Ulaştırma Bakanı ve AKP İzmir Milletvekili Binali Yıldırım'ın, “35 İzmir-35 Proje” adıyla açıkladığı seçim yatırımlarıyla ilgili olarak, “Gerekçesiz, ideolojik engellemeler olursa, gerekirse kanun çıkarırız” yönündeki açıklamalarının, hukuk devleti ilkesiyle çeliştiği belirtiliyor. ideolojisi bulunmayan bireysel ve toplumsal hareket olamayacağına dikkat çekilerek, kentte kamusal çıkarları koruma mücadelesinin süreceği vurgulanıyor.

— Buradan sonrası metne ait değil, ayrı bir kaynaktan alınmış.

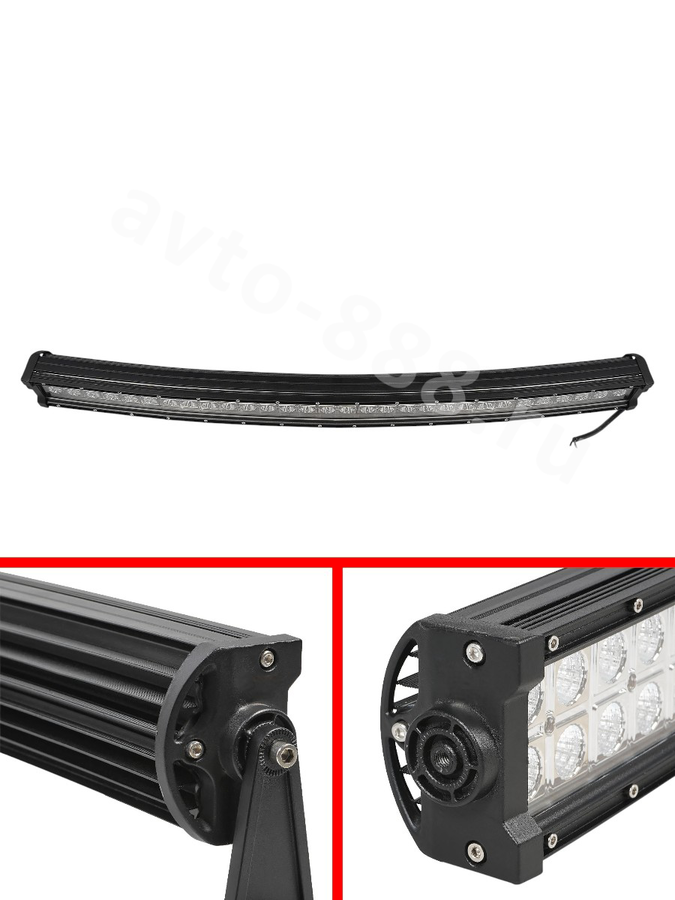 Светодиодная двухрядная фара (балка) с прямоугольной формой корпуса, изогнутой конструкцией и комбинированным световым лучом (направленный свет 30° + рассеянный свет 60°) обеспечивает мощное и равномерное освещение.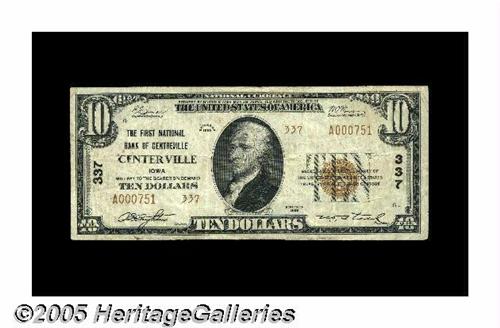 <B>Centerville, IA</B></I> - $10 1929 Ty. 2 <B>The First NB</B></I> Ch. # 337<BR>A solid and problem-free <B>Very Fine</B></I> from the only bank in town to issue the Type 2 $10.
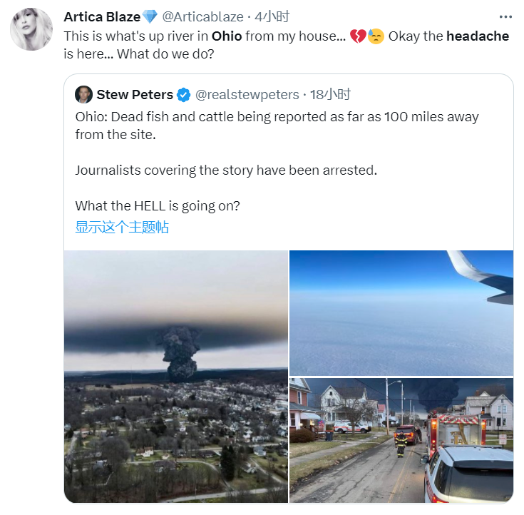 而据《环球时报》报道,还有网友联想到近来被美国媒体、官员热炒的“间谍气球”一事,12日前后提出质疑:“所有这些‘飞行物’都是为了分散你们的注意力,(让你们把注意力)从政府决定在俄亥俄州农田上燃烧的大量致命氯乙烯上转移走。”“在俄亥俄州发生这种事时,为什么‘间谍气球’还会在任何时间段出现在电视上。氯乙烯蔓延了好几英里。这是一场巨大的环境灾难。氯乙烯是一种公认的致癌物,而且显然是警察帮忙炸毁了这列脱轨的火车?”

Yıldırım, seçimden sonra da, Karşıyaka'yla Üçkuyular arasında tüp geçit, “İzmir-Çeşme Deniz Otoyolu” adıyla Karaburun'la Urla arasına kanal açılması, tahmini 10 milyar lira olarak öngörülen kent yenileme girişimi, belli başlı diğer kentlere otoyol bağlantısı gibi projeleri yaşama geçireceklerini söylemişti. Meslek odaları ise, bilimsel planlama esaslarından uzak ve kamu yararı içermeyen yatırımlar karşısında, yasalardan aldıkları güçle yargı yoluna gideceklerini, “35 İzmir 35 Proje”nin açıklandığı gün ilan etmişlerdi. Yıldırım'ın, davaların açılması durumunda gerekirse yasal değişikliğe gidileceği söylemini yinelemesi, “hukuk tanımamazlık” olarak nitelendirildi.

‘Mahkemeler tarafsızdır’

İzmir kamuoyunda, doğa ve çevre koruma konusunda öne çıkan isimlerden avukat Noyan Özkan, yaşanabilir çevre için açılan her davanın sağlam bir ideolojisi olduğunu söyleyerek, “Dünyada herşeyin ideolojisi vardır ama unutulmasın ki mahkemeler tarafsızdır” dedi. Özkan, Yıldırım'ın, “35 İzmir 35 Proje”yle ilgili yaklaşımınin temelinde neoliberal politikaları İzmir'e dayatma istemi olduğunu vurgulayarak, “Burada, CHP'li yerel yönetimler de en az AKP'nin bu anlayışı kadar sorumludur” diye konuştu. Özkan, Yıldırım'ın, “Gerekirse yasa çıkarırız” açıklamasının açık biçimde tehdit olduğuna da dikkat çekerek, “Bırakınız hukuk devletinde, kanun devletinde bile olmaz. Böyle şeyler ancak, polis devletinde olur” yorumunu yaptı.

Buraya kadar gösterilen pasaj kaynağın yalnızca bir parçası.